One clear illustration of the legal relevancy of a gender difference is that of gestation. Feminists disagree over the proper manner to depict the law’s attitude towards pregnant adult females. This dissension is illustrated by the instance ofWebb V EMO Cargo ( UK ) Ltd[ 1993 ] ICR 175, in which Lord Keith equated gestation with unwellness in order to happen that the pregnant claimant was non treated unfavorably ( by holding her employment terminated due to her gestation ) compared to a fanciful male opposite number who was badly utilizing the ‘comparator’ demand in subdivision 5 ( 3 ) of the Sex Discrimination Act 1975. Extremist women’s rightists useWebbas a springboard to knock broad feminists’ call for formal equality ; they argue that formal equality is nonmeaningful if favoritism ( in this instance, the sexist attitude of the bench ) can conceal behind a head covering of neutrality ( in this instance, the Sex Discrimination Act 1975 ) .
For extremist women’s rightists, formal legal equality is nonmeaningful given that the sexes are basically different ( gestation being a authoritative illustration ) . Work force and adult females need hence to be treated otherwise ; non making so would be every bit absurd as handling handicapped people the same as the able-bodied by pretermiting to supply to wheelchair inclines at public edifices. Harmonizing to MacKinnon, because sexes are non every bit powerful, formal equality before the jurisprudence ‘equates substantial impotence with substantial power, and calls handling these the same “equality.” ’
Difference women’s rightists portion the position that there is an indispensable difference between work forces and adult females which the jurisprudence obscures to the latter’s disadvantage.
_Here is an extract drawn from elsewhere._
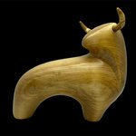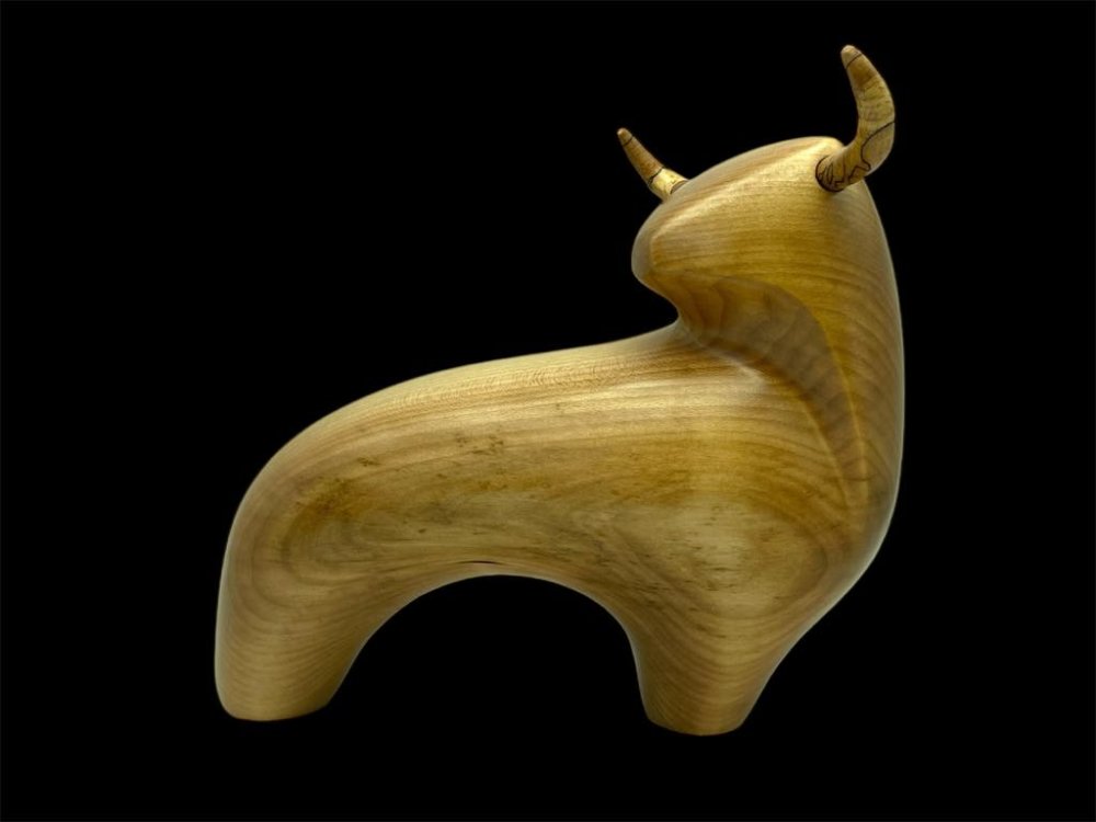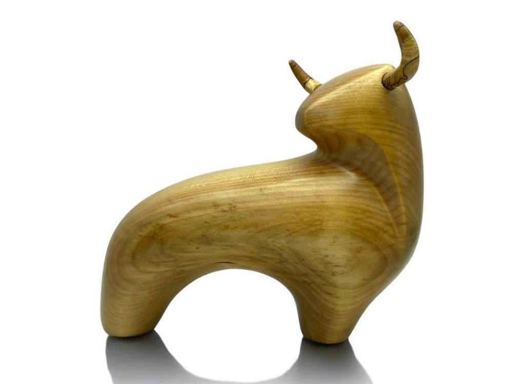 Sculpture d'un taureau en bois de tilleul huilé.

They besides portion the position that it is impossible to suit gender differences within the broad theoretical account. They focus on the law’s contemplation of pre-legal sexual difference and its function in building, underpinning and keeping sexual difference. Difference women’s rightists see the substance of jurisprudence as implicitly reflecting a masculine position. Examples of this include the ‘reasonable man’ in the jurisprudence of civil wrong, who is imbued with male features such as the ‘customary phlegm’ one is expected to demo in the face of injury ( seeBourhill v Young[ 1943 ] AC 42 ) . Legal methods, such as the adversarial system, are besides masculine in the sense that they reflect the male halves of Olsen’s dualisms by being based on thoughts such as, in the judicial proceeding illustration, competition between abstracted peers who are presumed to be equal.
In decision, women’s rightists have non merely differ over the extent to which sexual differences have legal relevancy ; they have besides disagreed over whether any such sexual difference exists in the first topographic point. The latter dissension greatly influences the extent of the former. Broad women’s rightists have been to a great extent criticised by extremist and difference women’s rightists for cleaving to the thought that liberalism can take to equality for adult females when the really thoughts of liberalism – formal equality and individuality – are an bete noire to the truth that adult females are different and must be treated as such for their true value to be recognised. Equally, nevertheless, extremist and difference women’s rightists have been criticised for encompassing the thought of gender difference, for in making so, they have been guilty of essentialism: of seeing biological science as the beginning of female subjugation, intending that it is pre-social and hence immune to political alteration. So there are jobs built-in in either rejecting or accepting gender difference. Modern women’s rightists face the challenge of, amongst other things, accommodating these theoretical differences within a coherent model.